Each reconciler's own `SetupWithManager(mgr, concurrentWorkers)` is what actually registers watches and applies the worker count; `main.go` is only responsible for instantiation and ordering. Errors at any step cause `os.Exit(1)`.

Sources: [cmd/agent-sandbox-controller/main.go:236-277](), [extensions/controllers/sandboxclaim_controller.go:1269-1273](), [extensions/controllers/sandboxtemplate_controller.go:215-218](), [extensions/controllers/sandboxwarmpool_controller.go:533-537]()

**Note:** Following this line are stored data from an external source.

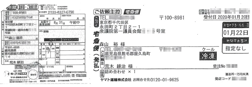 送り状は証拠提出され、1枚は2020年1月20日に<詰め合わせ>を森山事務所の<森山裕様>宛てに贈ったものだった。もう1枚は同年8月28日に、森山議員とは下の名前が違う<森山〇〇様>(※証拠文書では実名)宛てに<果物>を贈ったときのもので、いずれも差出人の住所は荒木町長の個人宅だった。
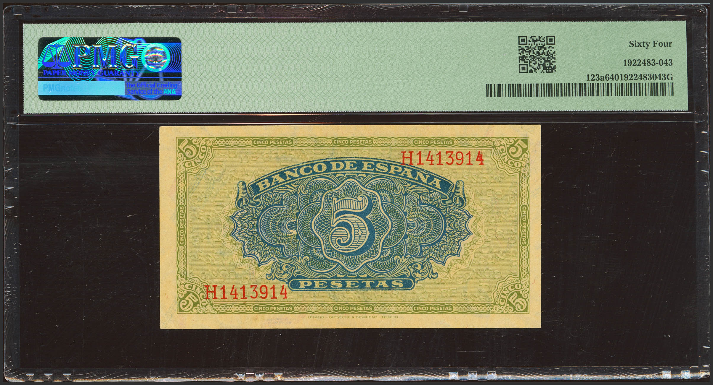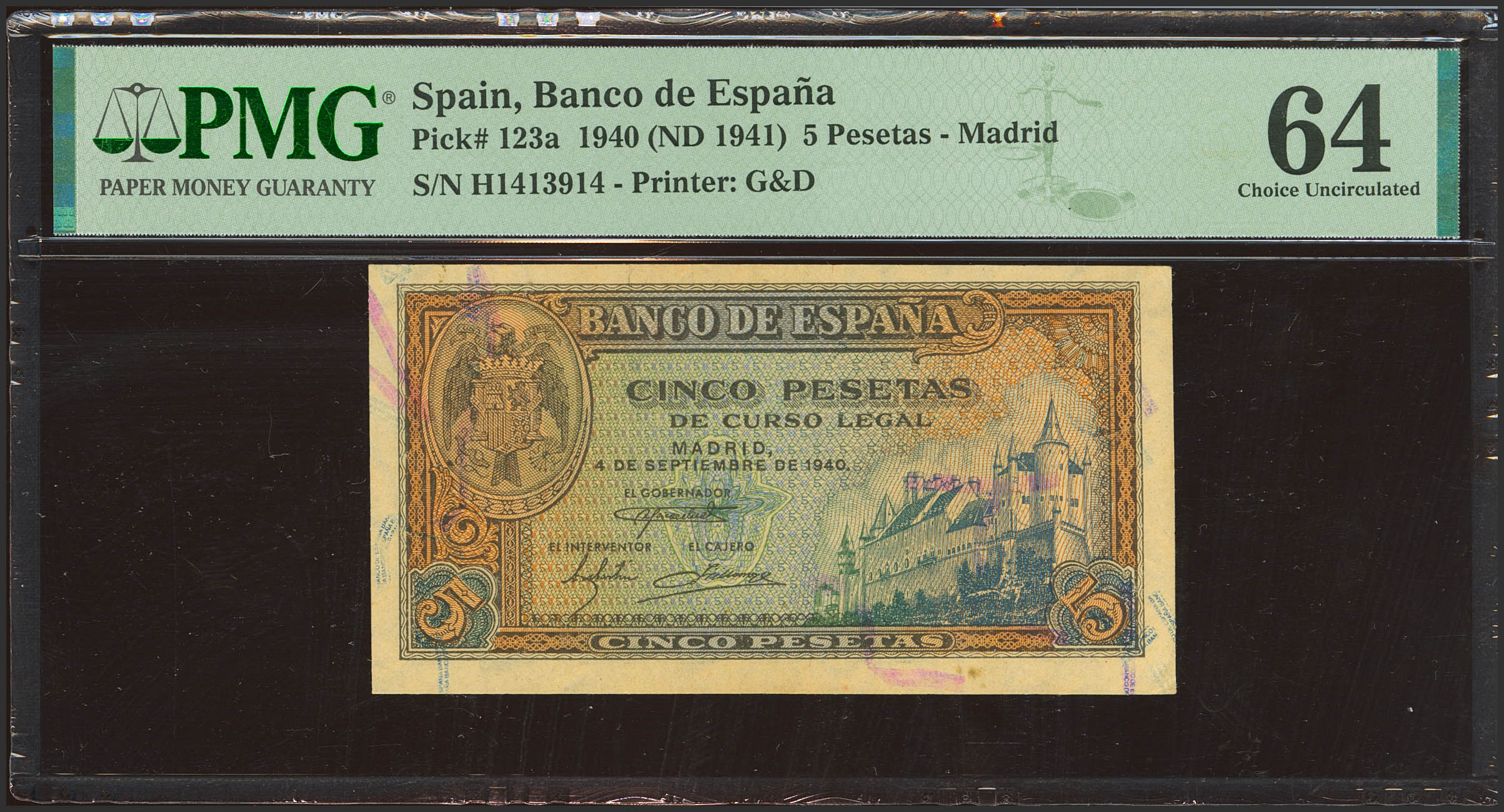 5 Pesetas. 4 de Septiembre de 1940. Serie H. (Edifil 2021: 443a, Pick: 123a). SC. Encapsulado PMG64.
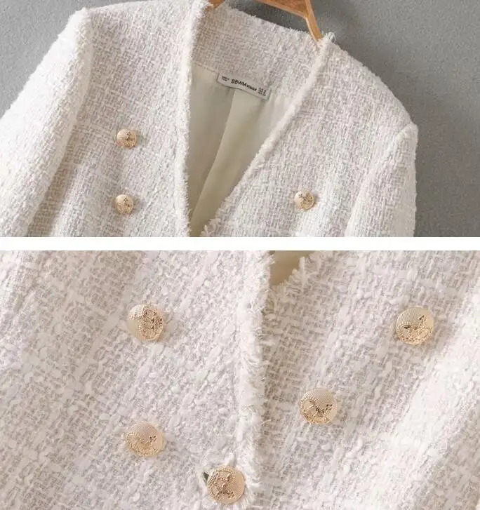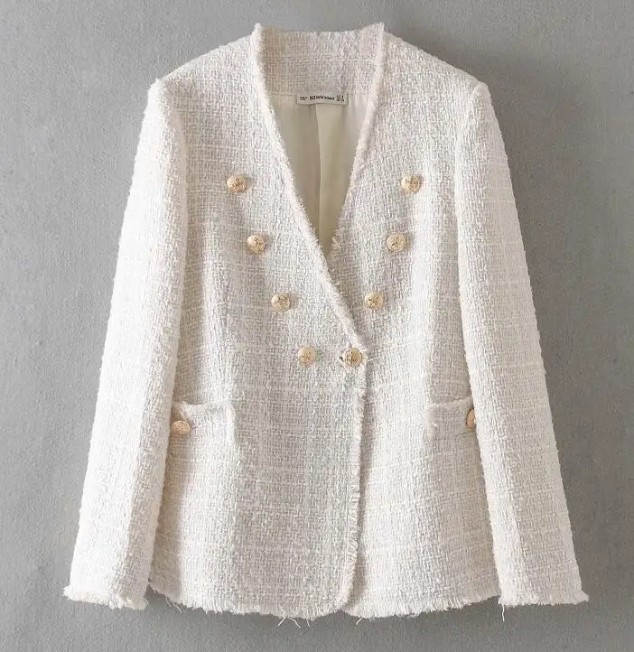 | Blazer Women Fashion Runway Luxury Designers Long Sleeve Double Breasted Elegant 2019 Tweed Blazers and Jackets Suit Coat Femme |

## Health probes and main loop

After reconciler wiring, `main` attaches two trivial liveness/readiness probes and starts the manager:

```go
if err := mgr.AddHealthzCheck("healthz", healthz.Ping); err != nil { ... }
if err := mgr.AddReadyzCheck("readyz", healthz.Ping); err != nil { ... }

setupLog.Info("starting manager")
if err := mgr.Start(ctx); err != nil { ... }
```

`mgr.Start(ctx)` blocks until the signal context is cancelled, at which point the manager runs internal shutdown and the deferred OTel `cleanup` fires. The probe server listens on `HealthProbeBindAddress` (`:8081` by default), distinct from the metrics server on `:8080`.

The Helm deployment matches these defaults exactly:

```yaml
ports:
- name: metrics
  containerPort: 8080
- name: healthz
  containerPort: 8081
livenessProbe:
  httpGet: { path: /healthz, port: healthz }
readinessProbe:
  httpGet: { path: /readyz,  port: healthz }
```

Renaming or moving either port in `main.go` would require a matching change in `helm/templates/deployment.yaml`, since the probes are wired to the `healthz` named port and Prometheus scrape config typically targets the `metrics` port.

Sources: [cmd/agent-sandbox-controller/main.go:281-294](), [helm/templates/deployment.yaml:30-48]()

## Operational summary

The entry point is intentionally small and procedural: parse flags, build a logger and signal context, optionally initialize tracing, decide which CRD groups go into the scheme, configure the metrics/pprof and probe endpoints, build the manager with a fixed leader-election ID, instantiate the reconcilers (always Sandbox, optionally the three extensions reconcilers behind `--extensions`), register the Prometheus collector and health probes, and block on `mgr.Start`. Build-time provenance comes from `internal/version` symbols injected by the Dockerfile's `-ldflags`, and the Helm chart's controller args template is the canonical mapping from the flags documented above to what a deployed pod actually runs.